電梯門關閉,兩人順著電梯扶搖直上,到了三十四層才緩緩停下。

「這邊請!」

嚴老九順著何笙簫的指引,走過一條長廊,長廊的地上鋪著一層紅色碎花地毯,腳下鬆軟,材質實屬上等,牆壁兩旁隨意掛著米勒、盧梭等畫家的畫作,任意一幅畫都可換一棟別墅,排場倒真是不小。

他在心裡冷哼一聲,想著楊天霖也不過是個暴發戶而已。

何笙簫推開一扇大門,楊天霖偌大的辦公室便出現在嚴老九眼前,雖然裝修豪華,但同走廊上掛著的畫相比,也沒什麼出彩的地方。嚴老九對楊天霖聞名已久,終於可以看看這個將他玩弄於股掌之中的奇才到底是何方神聖。

當他真正見到楊天霖的時候,卻止不住有些失望。

那是個相貌平常的年輕男人,就是大街上隨處可見的男人模樣,平凡的面容,平凡的髮型,唯一不平凡的就是他殘疾的身份。他坐在輪椅上,耳朵上還戴著一枚助聽器,此刻正微笑注視著嚴老九的方向。
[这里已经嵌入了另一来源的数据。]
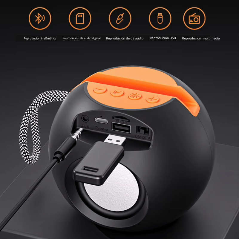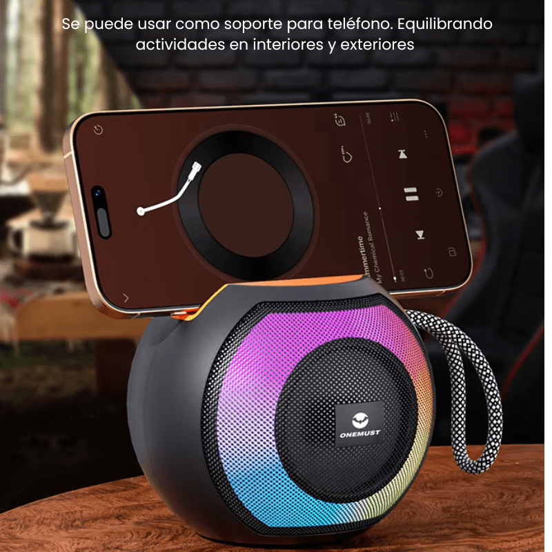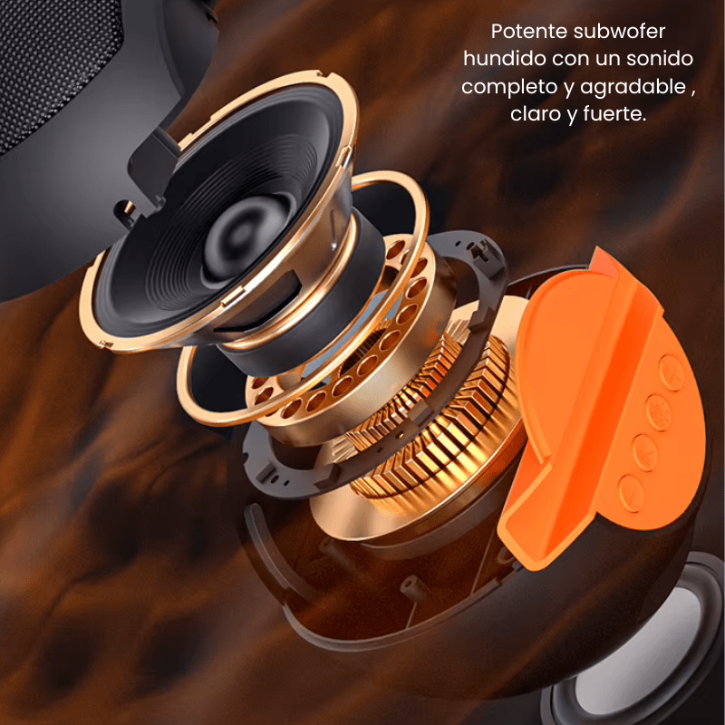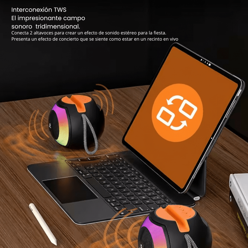 Fabricado con carcasa de **PVC resistente**, y con certificación de impermeabilidad, es perfecto para acompañarte en salidas, camping, o actividades al aire libre. Su conectividad por **inducción** permite un emparejamiento simple y sin cables, brindando una experiencia de uso sin complicaciones. Además, incluye soporte tipo cuerda para colgar y transportar fácilmente.
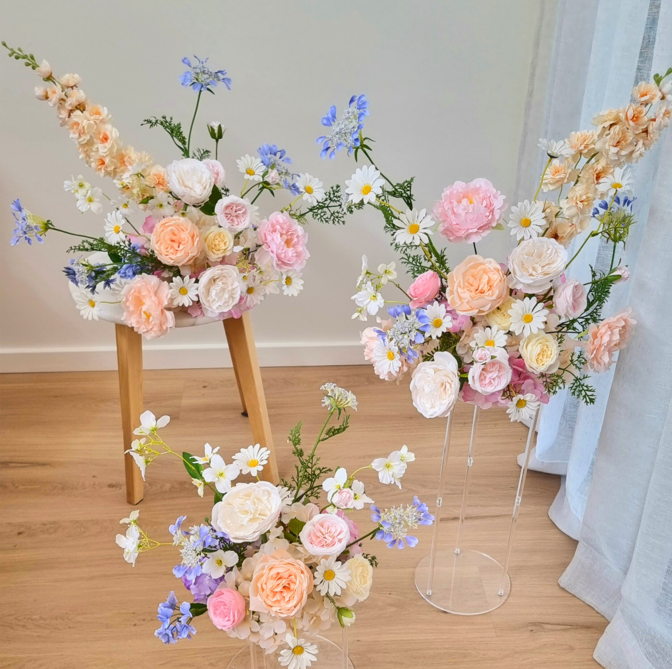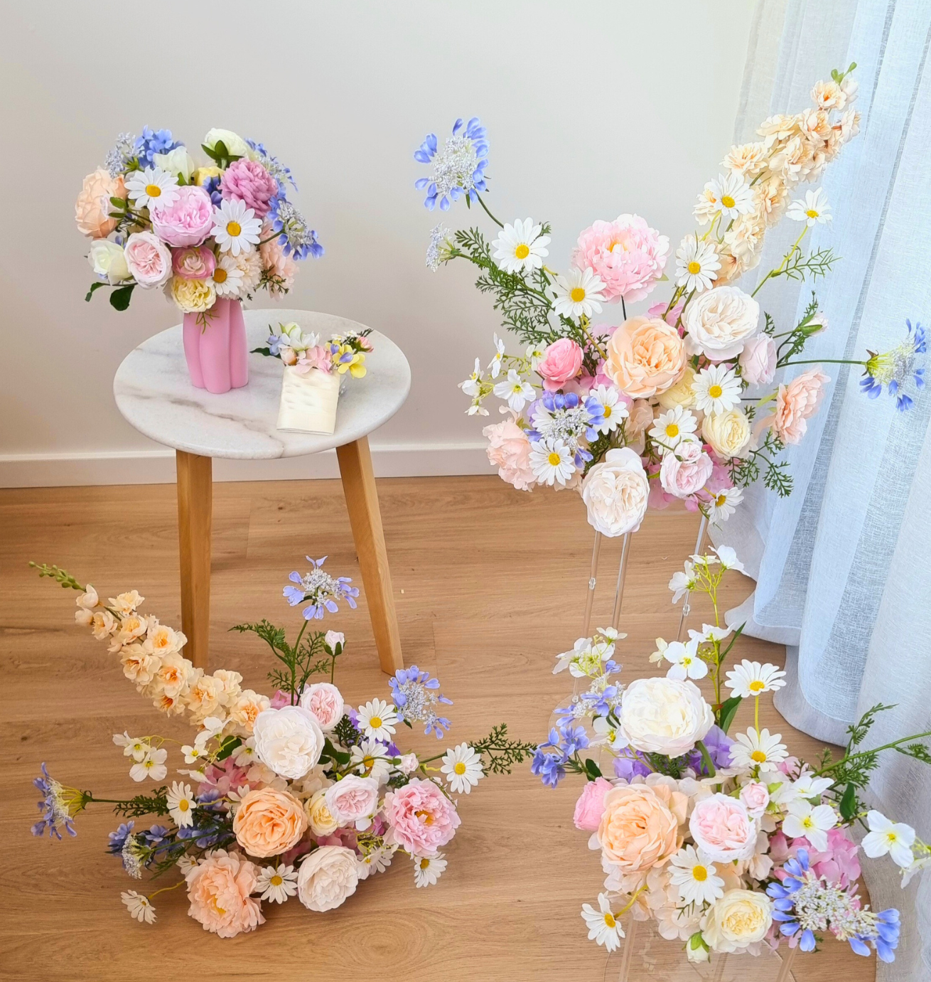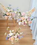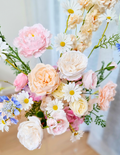Pastel artificial silk floral arrangements (front facing) in a mix of white, yellow, pink and blue colours. Includes an assortment of flowers such as roses, peonies, ranunculus and wildflowers. Photos show a mix of standard and deluxe size. Price is for a single piece. Last photo shows matching bouquet - our Erika bouquet.
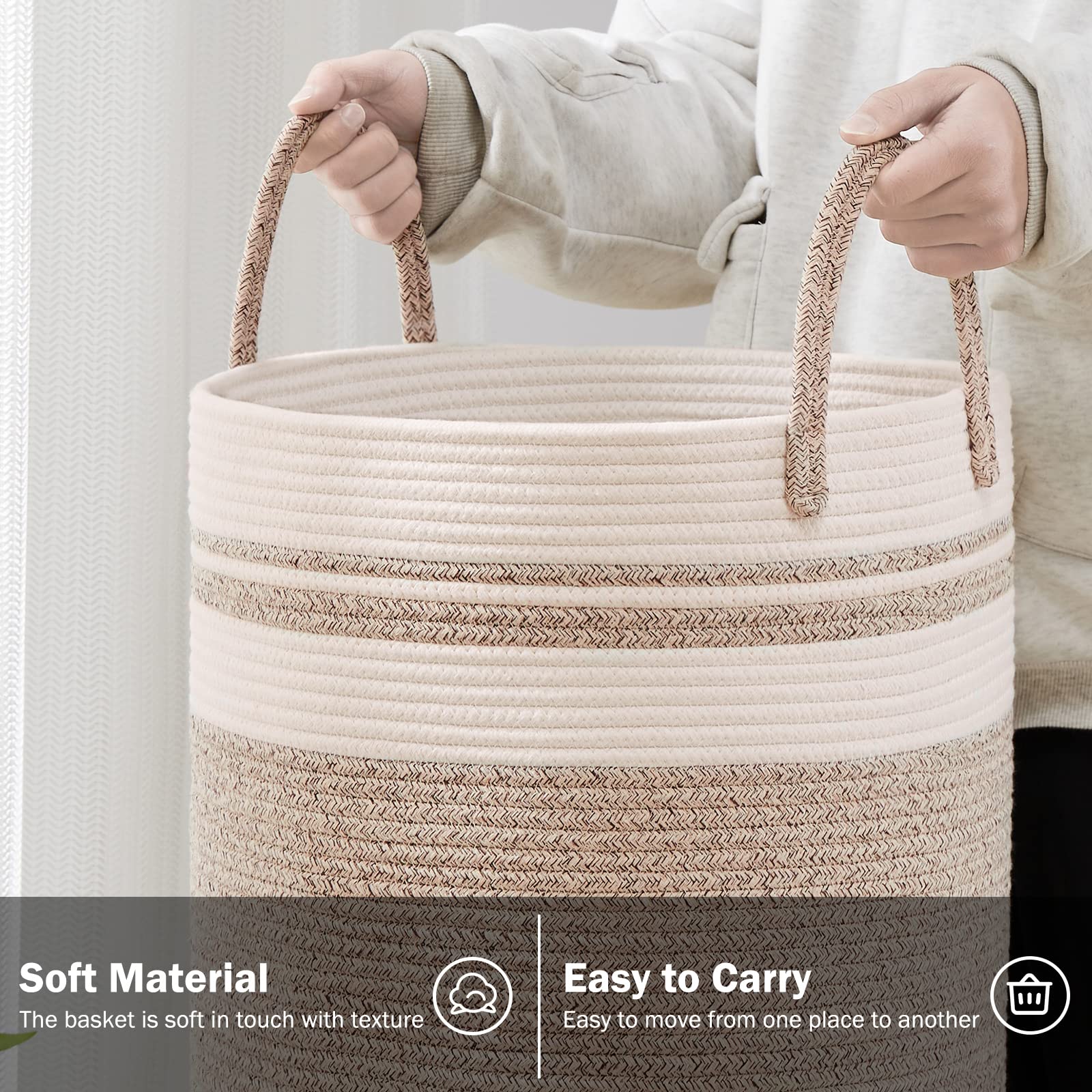 YOUDENOVA Woven Rope Laundry Hamper Basket, 72L Tall Luandry Basket, Baby Nursery Hamper for Blanket Storage, Clothes Hamper for Laundry in Bedroom-Large-Brown
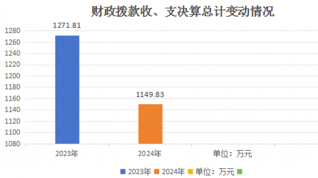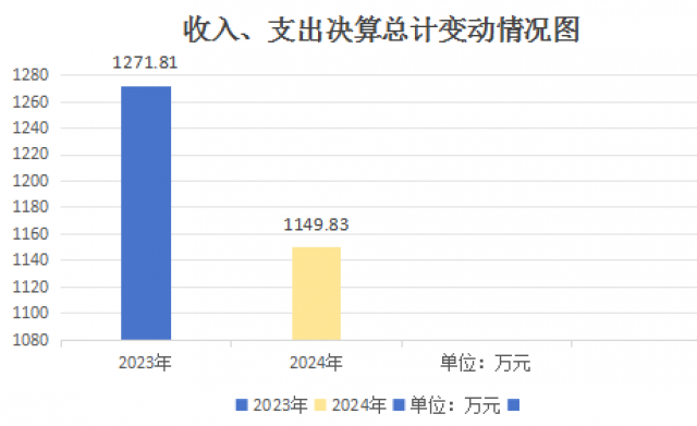 2024年度财政拨款收入、支出总计均为1149.83万元。与2023年度相比,财政拨款收入总计、支出总计各减少121.98万元,下降10.61%。主要变动原因是学生人数减少,教育投入减少。
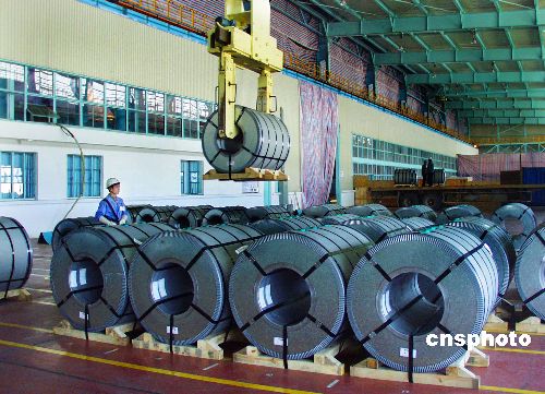 2005年12月14日,近日国家发改委工业司在调查研究的基础上,提出了《钢铁工业控制总量、淘汰落后、加快结构调整的通知》,力求在“十一五”期间,钢的年生产能力控制在4亿吨左右,淘汰1亿吨落后的炼铁生产能力、5500万吨落后炼钢能力。这意味着,对钢铁行业的宏观调控,仍将继续进行。图为浙江一钢铁公司正在外运钢材。作者:张和平
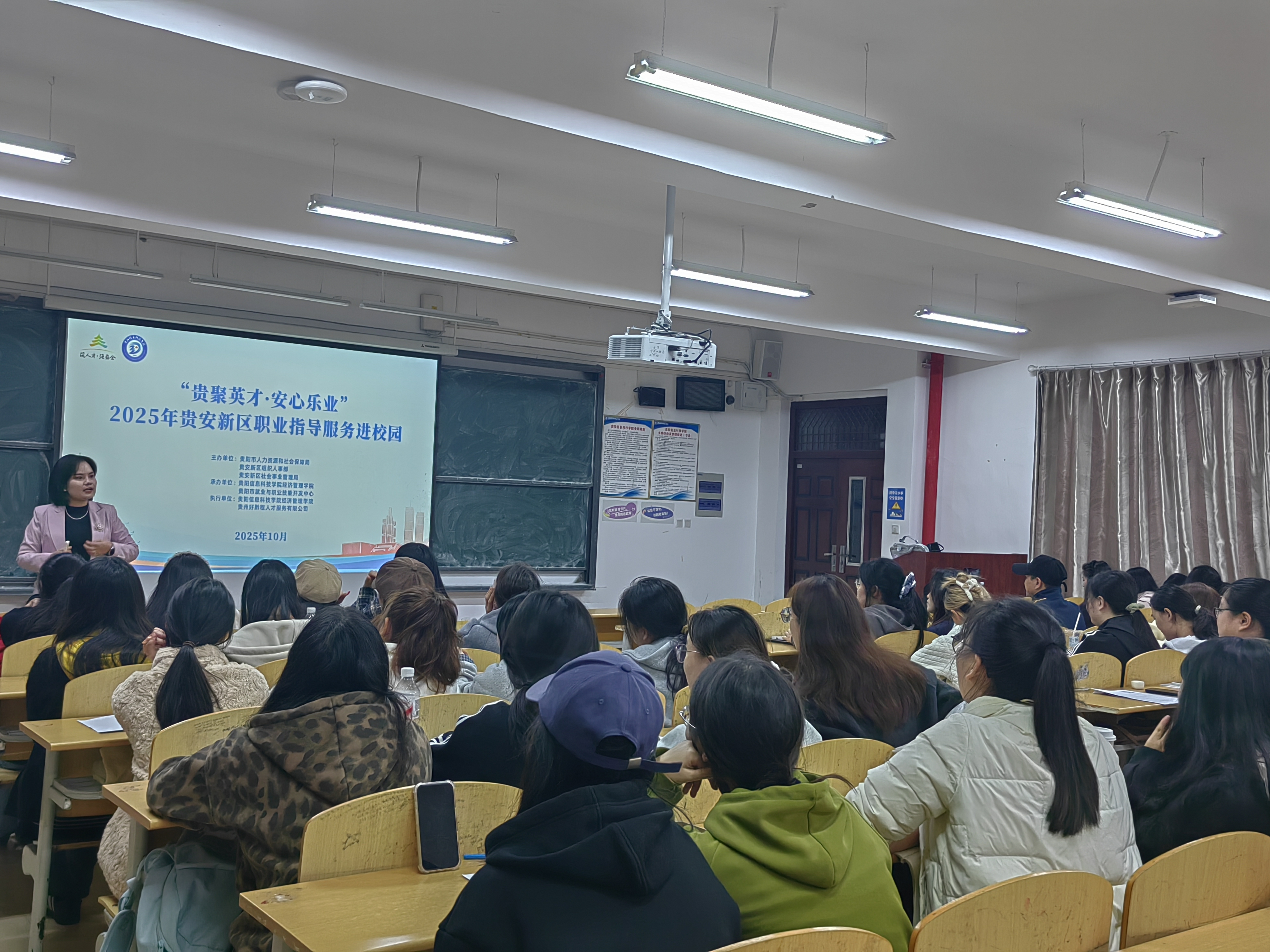新闻网讯(供稿/供图 赵政)2025年10月29日晚,经济管理学院于C209教室顺利举办就业指导专题讲座,特邀贵州省首期求职能力实训师、职业指导专家陈江艳,为近百名2026届毕业生作《提升简历制作的技巧》课程分享及一对一简历诊断。
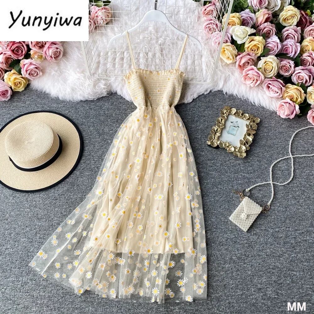 女性のデイジープリントドレス、レースメッシュワンピース、スパゲッティストラップ、ギャザーフローラルドレス、ロング韓国スタイル、セクシーな夏|ドレス| 韓国系水着 セパレート水着 ワンピース水着 T240626111437_01
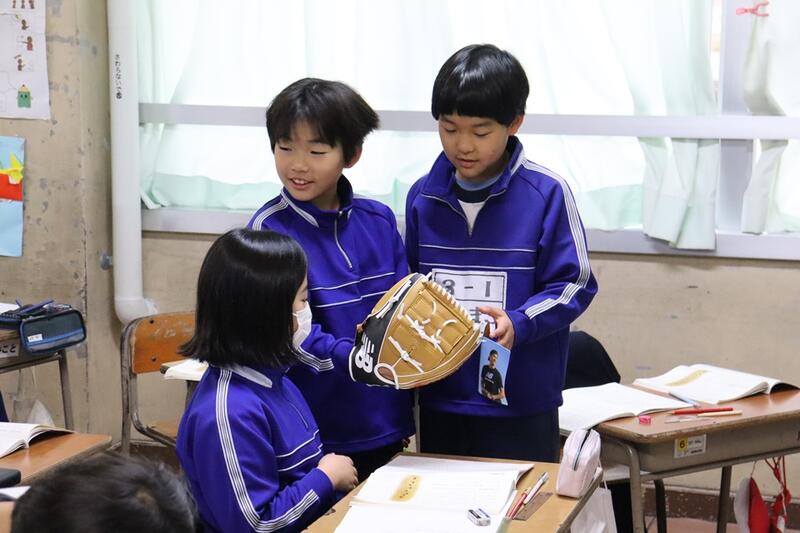 今日は、全学級を回して、各担任の先生が大谷選手の手紙を読み聞かせし、グローブを全員が触れる機会をもちました。

楊天霖手指操控著輪椅移動,指著一張沙發,用手指按著喉嚨的位置,發出類似機器一般,毫無情感的聲音。

「請坐!」

何笙簫看出嚴老九的震驚,笑著解釋說:「楊總腿腳不便,而且先天失聰,嗓子也因為一場大病毀了大半,只能靠機器幫忙發聲,請不要見怪!」

嚴老九稍微平復了下震驚的心情,對著楊天霖說道:「我們終於見面了!」

楊天霖機械地回答道:「多虧嚴老闆的配合,我的專案才會進展得那麼順利。相信你現在心裡一定有許多疑問,但我時間有限,只能回答你三個問題。」

嚴老九冷哼一聲,從他毫無情感的聲音中讀出對自己的蔑視,竟敢全然不將自己放在眼裡。

「好大的架子,這裡不是新加坡,難道你不懂強龍不壓地頭蛇的道理?」

「我明白,還剩兩個問題。」

嚴老九眼睛微微眯起,摸不透他的用意,看著他如此有恃無恐的模樣,嚴老九也不敢託大,整理了一下思路後,問道:「我想知道列車上發生的事情,是誰殺了李山?」

楊天霖看了何笙簫一眼,何笙簫會意地點點頭,踏上前一步,對著嚴老九說道:「這件事情我可以保證跟我們沒有任何關係,是兇手盜用了我的身份資訊來跟你見面,事先我們毫不知情。但這件事情是因我而起,我會負責到底,現在真兇已經得到了應有的懲罰,嚴老闆請放心。」